The alternative is to create a function that would be used instead of datepart(). This UDF never does any I/O since the production calendar start dates are hard-coded for each year. The logic is pretty simple and the function is only about 40 lines long.
I think the table solution is the best choice. But since this logic will be usd in very large queries (7 tables, 2 of which have multi-million rows) some other folks have advised me against adding yet another table. Still, I'm very skeptical about the performance resulting from calling such a function 50,000+ times in a query.
Frankly, I don't want to waste time working on something that's a bad idea or trying to prove which one is better. Hopefully one of you folks can point me to some reference material that will let us decide which route to take before expending any effort.
December 29, 2007 at 10:54 am
Then, consider this...
The only problem is that I've not figured out a good set based method for future dating things like deliveries given a ship date and a number of business days.
Sergiy has some code somewhere to do that type of stuff but I've sadly lost track of it.
--Jeff Moden
Change is inevitable... Change for the better is not.

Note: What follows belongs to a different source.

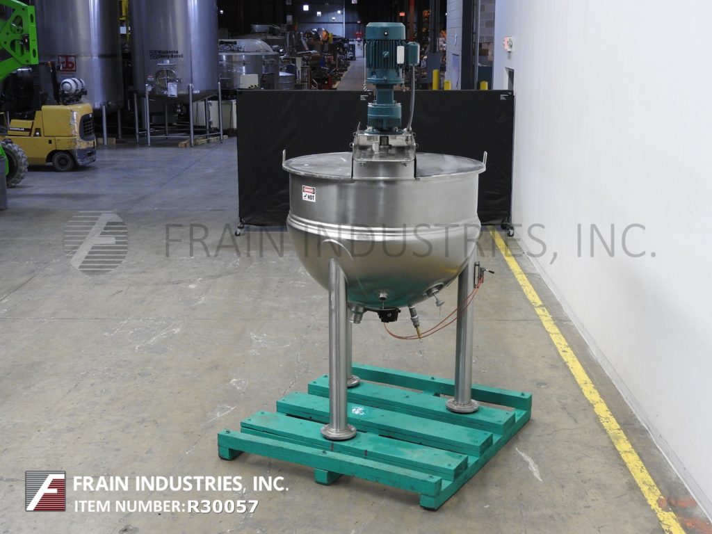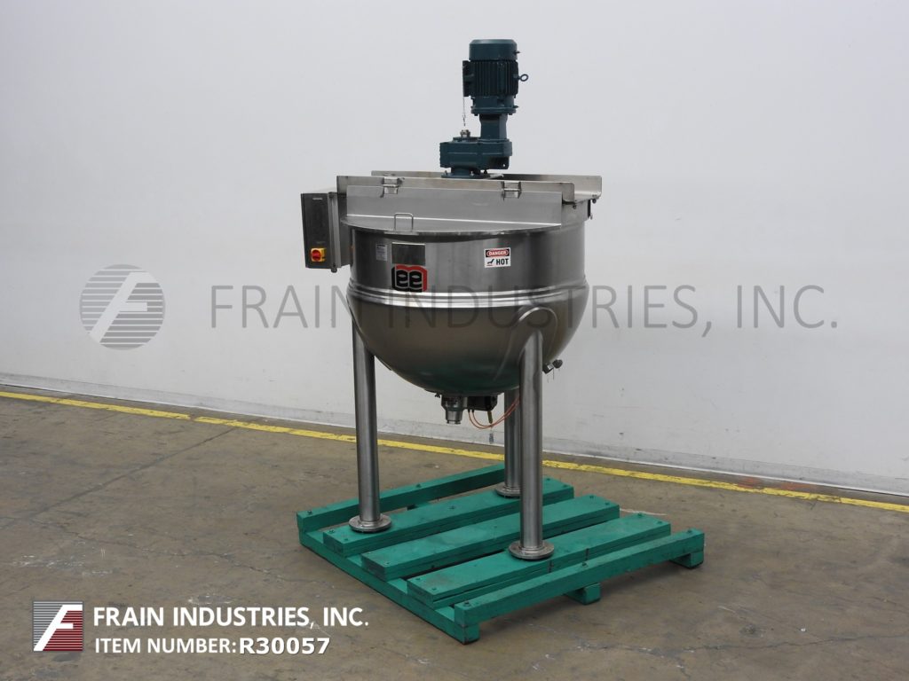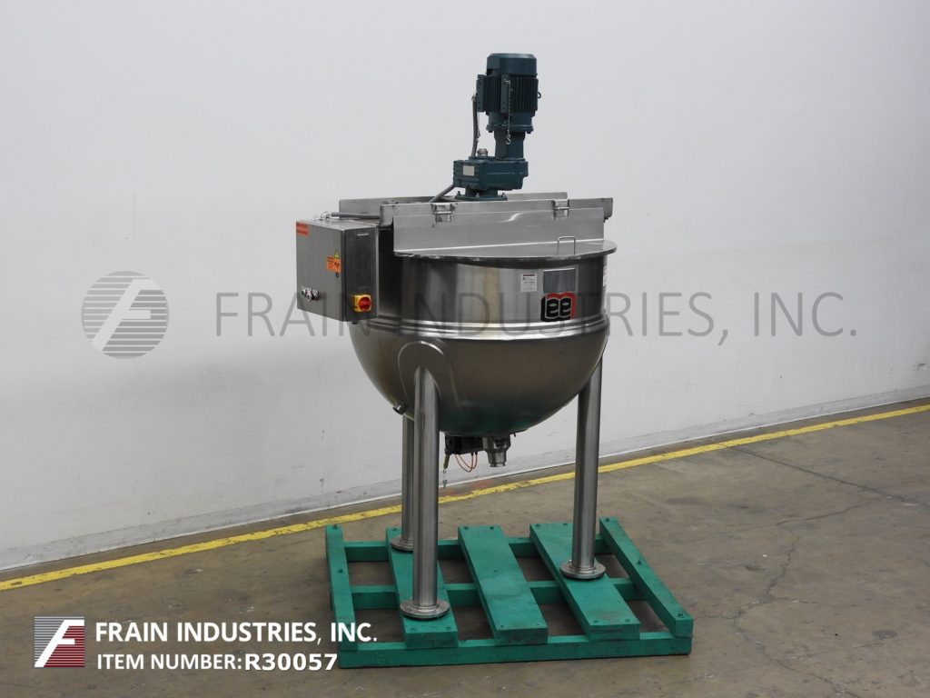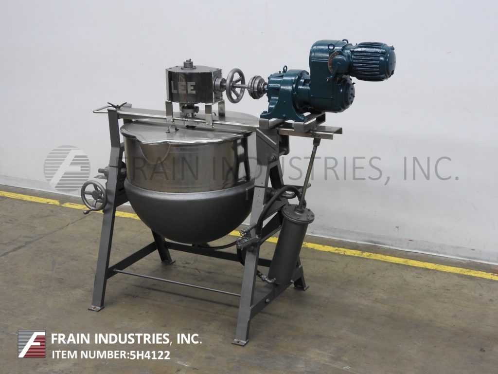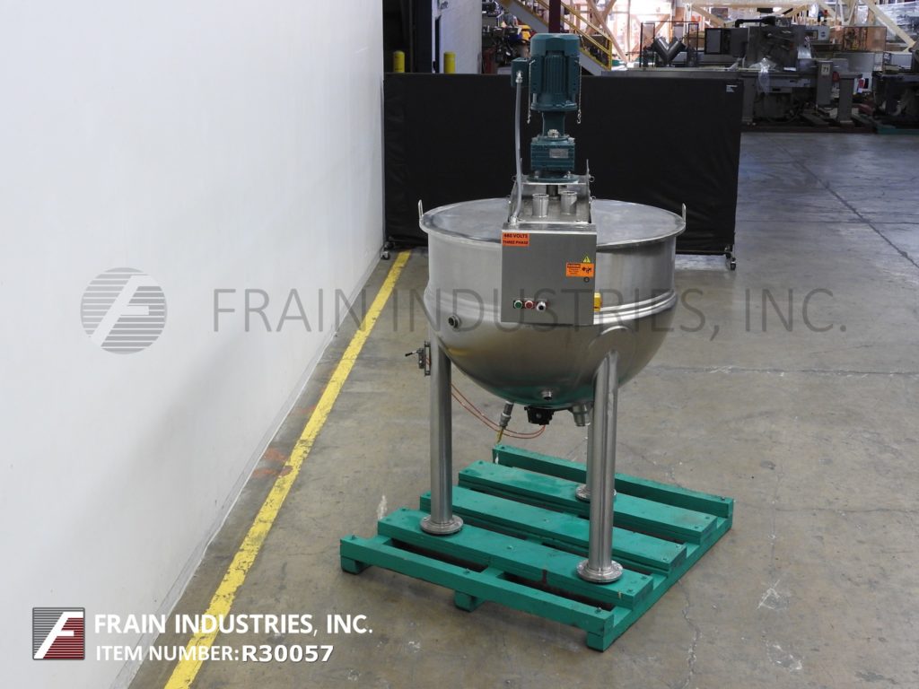 Lee, 250D7S型,250加仑304不锈钢夹套水壶。容器尺寸:52"外径x 36"深,13"直壁。顶部桥架装有3马力双动刮面搅拌和翻盖。碟底有3½"外径/ 2" ID三夹式放电与18"地间隙。

December 29, 2007 at 3:59 pm
Thanks, but that link simply describes how to create a calendar table (which we already can do for the various tables). It does not contrast benefits/drawbacks of using a table with various calendars vs. a datepart() replacement UDF when the target queries deal with large tables and the result set considers 50,000K rows.
December 29, 2007 at 5:48 pm
Heh... thought you said you "Frankly, I don't want to waste time working on something that's a bad idea or trying to prove which one is better"
--Jeff Moden
Change is inevitable... Change for the better is not.
December 30, 2007 at 11:30 am
For a calendar, there are two alternative solutions of creating a table or using a function.
As the SQL Query optimizer can make use of table indicies, constraints and statistics but cannot determine the result of a function, recommend using a table.
SQL = Scarcely Qualifies as a Language
December 30, 2007 at 11:47 am
Jeff Moden (12/29/2007)
Heh... thought you said you "Frankly, I don't want to waste time working on something that's a bad idea or trying to prove which one is better"
correct. we already know how to implement either alternative. but we don't want to implement both and then run timings to determine which is better. i'm hoping someone has already done an investigation of the performance impact from calling a scalarUDF 1000s of times in large queries. if the UDF read info from the db, then i know it would slower than using another table, but since the UDF performs no I/O it's impact should be reduced.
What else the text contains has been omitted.